-- TASK --
Within the records below is a range that opens at the line with "Návštěva dětí z" and closes at the line with "Passaggio obbligatorio per i pedoni". Return that range word for word, both ends included, and only that range.

-- MATERIAL FOR THIS EXERCISE --
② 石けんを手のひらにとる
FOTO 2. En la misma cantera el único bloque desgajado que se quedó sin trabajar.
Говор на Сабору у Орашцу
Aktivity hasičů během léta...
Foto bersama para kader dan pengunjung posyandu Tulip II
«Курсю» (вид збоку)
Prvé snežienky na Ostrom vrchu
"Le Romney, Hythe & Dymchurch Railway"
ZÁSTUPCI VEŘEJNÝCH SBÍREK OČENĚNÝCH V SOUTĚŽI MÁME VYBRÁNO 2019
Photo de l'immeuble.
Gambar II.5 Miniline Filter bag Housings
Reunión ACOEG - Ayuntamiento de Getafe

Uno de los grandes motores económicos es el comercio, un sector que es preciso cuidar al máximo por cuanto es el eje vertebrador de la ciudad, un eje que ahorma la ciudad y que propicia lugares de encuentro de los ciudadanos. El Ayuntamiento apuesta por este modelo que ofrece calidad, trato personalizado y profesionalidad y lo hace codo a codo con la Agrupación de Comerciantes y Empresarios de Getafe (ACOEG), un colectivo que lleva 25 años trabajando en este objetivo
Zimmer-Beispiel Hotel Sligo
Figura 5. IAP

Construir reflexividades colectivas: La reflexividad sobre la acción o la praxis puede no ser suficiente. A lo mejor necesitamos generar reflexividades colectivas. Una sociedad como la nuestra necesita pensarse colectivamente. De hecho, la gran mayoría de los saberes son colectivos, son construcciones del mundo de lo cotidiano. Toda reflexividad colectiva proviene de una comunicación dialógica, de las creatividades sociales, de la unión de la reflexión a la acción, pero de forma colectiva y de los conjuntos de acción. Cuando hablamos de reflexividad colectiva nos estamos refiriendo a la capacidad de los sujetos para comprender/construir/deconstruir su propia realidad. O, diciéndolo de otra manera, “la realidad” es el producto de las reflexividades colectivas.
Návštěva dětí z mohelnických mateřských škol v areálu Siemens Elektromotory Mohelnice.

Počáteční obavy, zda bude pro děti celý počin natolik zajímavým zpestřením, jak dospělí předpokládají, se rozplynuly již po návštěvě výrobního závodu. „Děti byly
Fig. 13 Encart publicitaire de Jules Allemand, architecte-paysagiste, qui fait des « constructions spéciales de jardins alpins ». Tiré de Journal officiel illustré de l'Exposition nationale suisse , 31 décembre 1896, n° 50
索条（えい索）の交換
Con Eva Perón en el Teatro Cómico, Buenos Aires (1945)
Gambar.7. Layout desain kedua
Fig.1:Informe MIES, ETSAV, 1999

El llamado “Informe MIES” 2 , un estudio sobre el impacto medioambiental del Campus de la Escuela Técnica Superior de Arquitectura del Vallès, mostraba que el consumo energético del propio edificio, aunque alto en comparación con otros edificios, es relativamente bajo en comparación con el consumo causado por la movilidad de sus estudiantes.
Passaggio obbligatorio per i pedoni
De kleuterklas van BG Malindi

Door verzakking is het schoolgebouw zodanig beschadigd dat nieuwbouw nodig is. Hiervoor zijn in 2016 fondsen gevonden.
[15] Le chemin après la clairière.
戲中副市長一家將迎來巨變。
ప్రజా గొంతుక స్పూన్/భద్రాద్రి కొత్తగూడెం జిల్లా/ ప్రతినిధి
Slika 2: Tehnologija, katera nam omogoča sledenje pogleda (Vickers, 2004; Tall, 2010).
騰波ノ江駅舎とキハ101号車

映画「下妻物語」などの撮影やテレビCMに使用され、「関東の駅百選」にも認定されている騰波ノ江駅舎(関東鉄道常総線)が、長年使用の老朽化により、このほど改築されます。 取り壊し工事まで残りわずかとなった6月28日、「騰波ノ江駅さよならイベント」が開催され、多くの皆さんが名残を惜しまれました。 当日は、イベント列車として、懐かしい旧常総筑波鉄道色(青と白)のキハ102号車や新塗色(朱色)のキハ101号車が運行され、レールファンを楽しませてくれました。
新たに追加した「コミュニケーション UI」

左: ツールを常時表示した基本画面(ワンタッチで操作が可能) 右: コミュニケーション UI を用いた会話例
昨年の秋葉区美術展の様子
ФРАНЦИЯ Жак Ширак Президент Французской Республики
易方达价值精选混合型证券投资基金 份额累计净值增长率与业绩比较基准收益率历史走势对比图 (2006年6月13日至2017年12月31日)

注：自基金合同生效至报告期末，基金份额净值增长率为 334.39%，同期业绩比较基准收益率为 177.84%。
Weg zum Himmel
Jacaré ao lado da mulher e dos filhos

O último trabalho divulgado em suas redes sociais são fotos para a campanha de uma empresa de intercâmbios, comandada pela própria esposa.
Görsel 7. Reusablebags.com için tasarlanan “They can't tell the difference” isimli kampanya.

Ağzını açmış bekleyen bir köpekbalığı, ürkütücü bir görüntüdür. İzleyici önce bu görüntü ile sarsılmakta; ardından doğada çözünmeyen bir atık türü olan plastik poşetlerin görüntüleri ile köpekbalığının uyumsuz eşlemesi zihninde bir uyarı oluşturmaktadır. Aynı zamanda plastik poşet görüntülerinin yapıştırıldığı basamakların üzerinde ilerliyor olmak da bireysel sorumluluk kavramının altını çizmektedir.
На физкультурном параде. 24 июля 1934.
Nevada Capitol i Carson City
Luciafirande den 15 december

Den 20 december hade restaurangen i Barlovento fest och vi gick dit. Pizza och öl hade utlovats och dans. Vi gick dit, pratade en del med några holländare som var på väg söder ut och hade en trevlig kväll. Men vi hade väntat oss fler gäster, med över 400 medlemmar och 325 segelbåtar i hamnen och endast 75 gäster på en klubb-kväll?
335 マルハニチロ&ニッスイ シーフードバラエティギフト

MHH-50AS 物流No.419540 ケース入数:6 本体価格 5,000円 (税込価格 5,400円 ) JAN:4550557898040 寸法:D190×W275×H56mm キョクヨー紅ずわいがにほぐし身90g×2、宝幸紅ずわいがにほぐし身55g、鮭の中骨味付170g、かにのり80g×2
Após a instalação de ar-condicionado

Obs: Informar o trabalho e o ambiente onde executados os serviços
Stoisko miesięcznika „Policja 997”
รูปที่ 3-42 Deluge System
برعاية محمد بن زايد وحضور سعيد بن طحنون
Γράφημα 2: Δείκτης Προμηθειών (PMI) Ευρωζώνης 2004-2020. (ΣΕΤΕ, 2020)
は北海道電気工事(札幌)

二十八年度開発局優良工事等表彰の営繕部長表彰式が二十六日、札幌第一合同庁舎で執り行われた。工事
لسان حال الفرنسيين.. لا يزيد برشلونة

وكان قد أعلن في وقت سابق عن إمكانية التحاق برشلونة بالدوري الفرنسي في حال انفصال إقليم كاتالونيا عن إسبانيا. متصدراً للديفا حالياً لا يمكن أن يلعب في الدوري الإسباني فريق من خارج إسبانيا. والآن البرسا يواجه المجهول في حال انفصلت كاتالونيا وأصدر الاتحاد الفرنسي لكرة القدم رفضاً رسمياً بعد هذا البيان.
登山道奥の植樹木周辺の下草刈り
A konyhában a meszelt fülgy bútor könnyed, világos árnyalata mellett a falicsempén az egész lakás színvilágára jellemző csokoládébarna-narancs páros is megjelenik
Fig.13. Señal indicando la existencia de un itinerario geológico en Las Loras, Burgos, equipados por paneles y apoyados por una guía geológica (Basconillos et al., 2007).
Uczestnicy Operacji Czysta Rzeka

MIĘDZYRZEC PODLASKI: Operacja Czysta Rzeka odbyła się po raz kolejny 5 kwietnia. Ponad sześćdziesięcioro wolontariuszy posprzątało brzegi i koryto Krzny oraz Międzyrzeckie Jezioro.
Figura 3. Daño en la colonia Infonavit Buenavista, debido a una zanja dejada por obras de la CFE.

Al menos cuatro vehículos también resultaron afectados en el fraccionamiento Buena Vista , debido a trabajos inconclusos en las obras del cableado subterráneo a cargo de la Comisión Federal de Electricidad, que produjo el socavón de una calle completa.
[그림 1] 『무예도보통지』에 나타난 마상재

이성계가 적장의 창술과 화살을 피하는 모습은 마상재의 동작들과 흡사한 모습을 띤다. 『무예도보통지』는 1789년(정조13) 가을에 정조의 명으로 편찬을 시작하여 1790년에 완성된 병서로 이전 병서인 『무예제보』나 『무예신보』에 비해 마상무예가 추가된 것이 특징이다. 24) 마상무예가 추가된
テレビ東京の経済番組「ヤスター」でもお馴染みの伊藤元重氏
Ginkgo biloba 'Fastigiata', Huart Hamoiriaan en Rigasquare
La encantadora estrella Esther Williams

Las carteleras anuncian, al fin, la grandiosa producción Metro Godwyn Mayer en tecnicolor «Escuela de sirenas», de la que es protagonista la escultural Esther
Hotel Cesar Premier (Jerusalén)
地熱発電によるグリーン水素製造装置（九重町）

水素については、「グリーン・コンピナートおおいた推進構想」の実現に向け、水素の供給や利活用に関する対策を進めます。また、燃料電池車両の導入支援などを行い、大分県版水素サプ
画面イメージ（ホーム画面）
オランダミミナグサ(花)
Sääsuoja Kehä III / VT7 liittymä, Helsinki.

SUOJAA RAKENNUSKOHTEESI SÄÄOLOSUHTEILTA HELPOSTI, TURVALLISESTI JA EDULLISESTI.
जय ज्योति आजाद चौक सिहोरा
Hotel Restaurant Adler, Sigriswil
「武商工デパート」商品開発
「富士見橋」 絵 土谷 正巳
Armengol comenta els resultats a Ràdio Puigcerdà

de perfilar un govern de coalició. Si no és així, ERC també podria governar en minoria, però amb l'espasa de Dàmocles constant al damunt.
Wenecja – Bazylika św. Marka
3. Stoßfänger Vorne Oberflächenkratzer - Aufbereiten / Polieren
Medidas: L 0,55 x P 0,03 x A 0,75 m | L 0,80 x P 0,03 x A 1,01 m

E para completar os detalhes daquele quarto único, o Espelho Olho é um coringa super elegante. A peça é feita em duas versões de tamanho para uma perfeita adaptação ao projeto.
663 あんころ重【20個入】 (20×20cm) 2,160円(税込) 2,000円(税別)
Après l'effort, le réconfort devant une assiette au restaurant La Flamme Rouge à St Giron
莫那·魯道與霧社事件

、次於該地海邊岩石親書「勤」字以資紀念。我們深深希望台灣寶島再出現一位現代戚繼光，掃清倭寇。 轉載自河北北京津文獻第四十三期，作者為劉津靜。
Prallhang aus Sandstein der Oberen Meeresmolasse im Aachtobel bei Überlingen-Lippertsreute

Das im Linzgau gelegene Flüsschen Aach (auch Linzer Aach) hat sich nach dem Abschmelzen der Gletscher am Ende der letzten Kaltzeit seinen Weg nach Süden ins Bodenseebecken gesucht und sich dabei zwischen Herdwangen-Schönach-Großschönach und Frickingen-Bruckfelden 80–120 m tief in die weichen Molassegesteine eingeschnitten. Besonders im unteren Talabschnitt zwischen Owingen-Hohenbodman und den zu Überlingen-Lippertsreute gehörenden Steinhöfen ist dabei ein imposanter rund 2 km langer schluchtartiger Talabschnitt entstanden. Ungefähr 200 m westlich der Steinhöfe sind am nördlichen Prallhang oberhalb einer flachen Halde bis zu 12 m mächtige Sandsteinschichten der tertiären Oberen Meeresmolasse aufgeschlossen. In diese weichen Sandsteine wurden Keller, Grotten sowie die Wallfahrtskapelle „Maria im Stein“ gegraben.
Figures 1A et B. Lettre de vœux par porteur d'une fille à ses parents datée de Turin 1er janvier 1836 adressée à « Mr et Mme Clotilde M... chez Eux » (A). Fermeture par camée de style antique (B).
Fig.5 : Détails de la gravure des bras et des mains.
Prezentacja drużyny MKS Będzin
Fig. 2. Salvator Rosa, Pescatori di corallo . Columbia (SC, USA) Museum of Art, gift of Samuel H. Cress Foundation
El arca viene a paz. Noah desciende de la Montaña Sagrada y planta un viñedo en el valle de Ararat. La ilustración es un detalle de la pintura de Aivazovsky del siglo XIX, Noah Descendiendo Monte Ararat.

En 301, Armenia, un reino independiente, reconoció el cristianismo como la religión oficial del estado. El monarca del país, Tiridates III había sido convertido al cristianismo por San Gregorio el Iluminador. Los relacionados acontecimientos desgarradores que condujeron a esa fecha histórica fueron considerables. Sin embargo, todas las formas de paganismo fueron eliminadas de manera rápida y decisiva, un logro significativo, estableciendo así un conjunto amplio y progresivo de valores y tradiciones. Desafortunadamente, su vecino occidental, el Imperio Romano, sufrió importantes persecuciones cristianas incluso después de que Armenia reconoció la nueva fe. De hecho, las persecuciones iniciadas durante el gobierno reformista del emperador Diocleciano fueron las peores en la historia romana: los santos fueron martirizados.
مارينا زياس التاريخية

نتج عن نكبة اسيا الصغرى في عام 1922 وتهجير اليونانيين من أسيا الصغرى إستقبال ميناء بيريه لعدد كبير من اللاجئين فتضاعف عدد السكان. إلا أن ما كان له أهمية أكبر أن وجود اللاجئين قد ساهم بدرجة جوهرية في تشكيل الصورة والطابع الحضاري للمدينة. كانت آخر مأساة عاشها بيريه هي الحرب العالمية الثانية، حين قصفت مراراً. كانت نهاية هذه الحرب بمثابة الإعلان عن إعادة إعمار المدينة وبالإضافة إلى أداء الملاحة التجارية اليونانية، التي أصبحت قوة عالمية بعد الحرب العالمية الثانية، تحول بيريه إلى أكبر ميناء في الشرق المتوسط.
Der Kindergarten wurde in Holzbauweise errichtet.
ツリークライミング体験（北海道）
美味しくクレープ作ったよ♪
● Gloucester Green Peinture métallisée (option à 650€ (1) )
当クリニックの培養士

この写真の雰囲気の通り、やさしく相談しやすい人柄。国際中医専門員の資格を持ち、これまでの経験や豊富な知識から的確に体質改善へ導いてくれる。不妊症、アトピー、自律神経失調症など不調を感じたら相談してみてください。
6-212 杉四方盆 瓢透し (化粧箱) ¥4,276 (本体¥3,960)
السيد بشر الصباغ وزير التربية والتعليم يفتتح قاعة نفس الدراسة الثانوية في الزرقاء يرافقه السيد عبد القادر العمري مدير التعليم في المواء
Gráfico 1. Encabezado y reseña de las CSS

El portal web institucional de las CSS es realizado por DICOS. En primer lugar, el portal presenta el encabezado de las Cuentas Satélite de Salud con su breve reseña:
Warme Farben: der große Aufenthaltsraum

-- SOLUTION --
Návštěva dětí z mohelnických mateřských škol v areálu Siemens Elektromotory Mohelnice.

Počáteční obavy, zda bude pro děti celý počin natolik zajímavým zpestřením, jak dospělí předpokládají, se rozplynuly již po návštěvě výrobního závodu. „Děti byly
Fig. 13 Encart publicitaire de Jules Allemand, architecte-paysagiste, qui fait des « constructions spéciales de jardins alpins ». Tiré de Journal officiel illustré de l'Exposition nationale suisse , 31 décembre 1896, n° 50
索条（えい索）の交換
Con Eva Perón en el Teatro Cómico, Buenos Aires (1945)
Gambar.7. Layout desain kedua
Fig.1:Informe MIES, ETSAV, 1999

El llamado “Informe MIES” 2 , un estudio sobre el impacto medioambiental del Campus de la Escuela Técnica Superior de Arquitectura del Vallès, mostraba que el consumo energético del propio edificio, aunque alto en comparación con otros edificios, es relativamente bajo en comparación con el consumo causado por la movilidad de sus estudiantes.
Passaggio obbligatorio per i pedoni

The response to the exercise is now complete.